The jury heard all of this evidence and deliberated under careful instructions from the trial court. The record demonstrates overwhelmingly a vicious, carefully premeditated murder by defendant of his wife under circumstances of almost unbelievable brutality, committed during the course of his kidnap of the victim. His movements of Karen were substantial and not trivial and they were carefully planned and executed to accomplish his purpose and to conceal his connection with both his victim and his crimes.
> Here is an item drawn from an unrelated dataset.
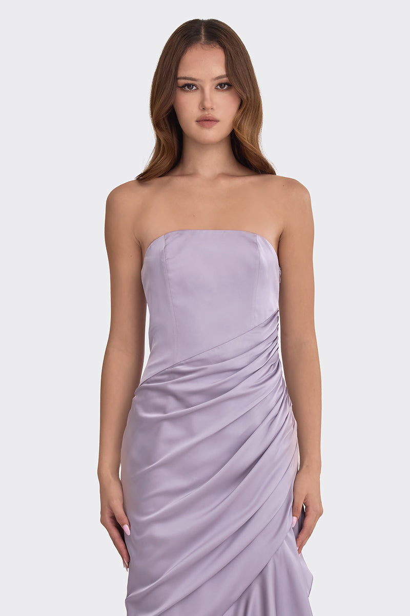 - Strapless dress with delicate ruching and gathering details.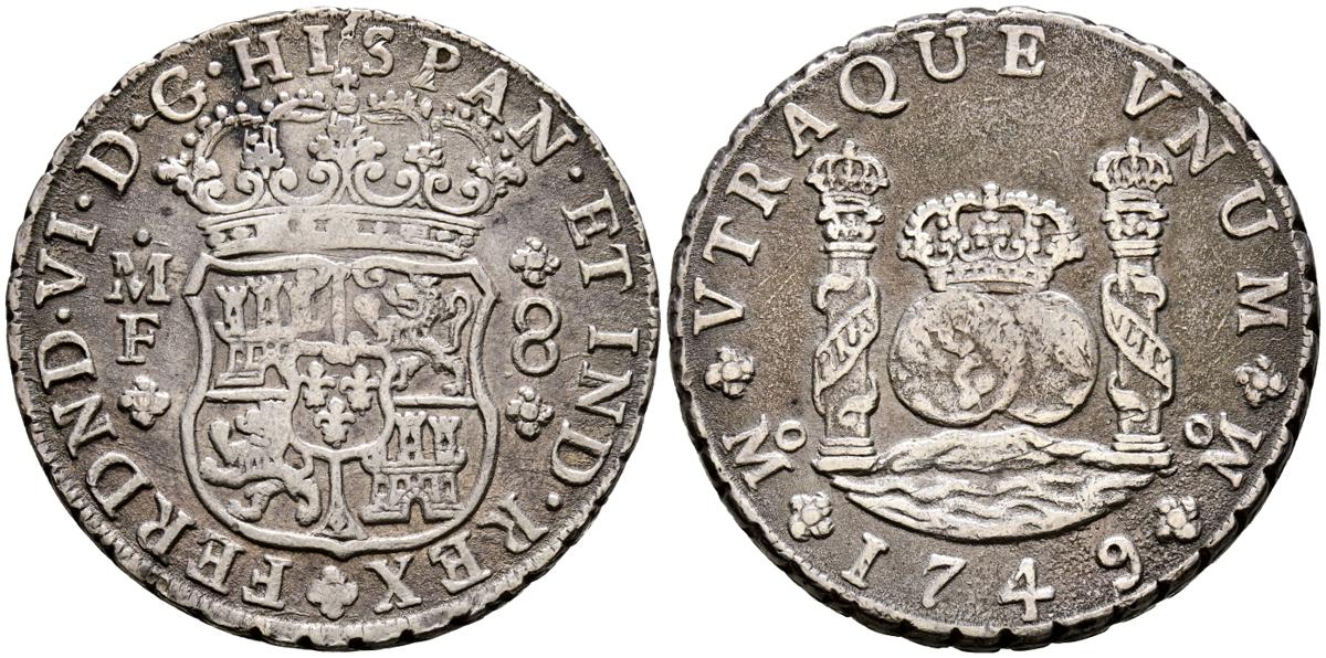 FERNANDO VI (1746-1759). 8 Reales (Ar. 26,89g/39mm). 1749. México MF. (Cal-2019-473). MBC-. Oxidaciones.

In my view, there unquestionably was no “miscarriage of justice” in this case. Accordingly, with the majority I would affirm defendant’s conviction of first degree murder (count I) and of robbery (count II), and I would also strike the findings of special circumstances charged in count I; i.e., that the murder was wilful, deliberate, and premeditated and was personally committed in the course of a robbery. However, unlike the majority, I would affirm the judgment of conviction of kidnaping, and also that portion of the judgment which finds the “special circumstances,” namely, that the murder was wilful, deliberate and premeditated and was personally committed by defendant during the commission of a kidnaping in violation of section 207 of the Penal Code (§ 190.2, subd. (c)(3)(ii)).
Clark, J., and Manuel, J., concurred.
Appellant’s petition for a rehearing was denied May 28, 1980.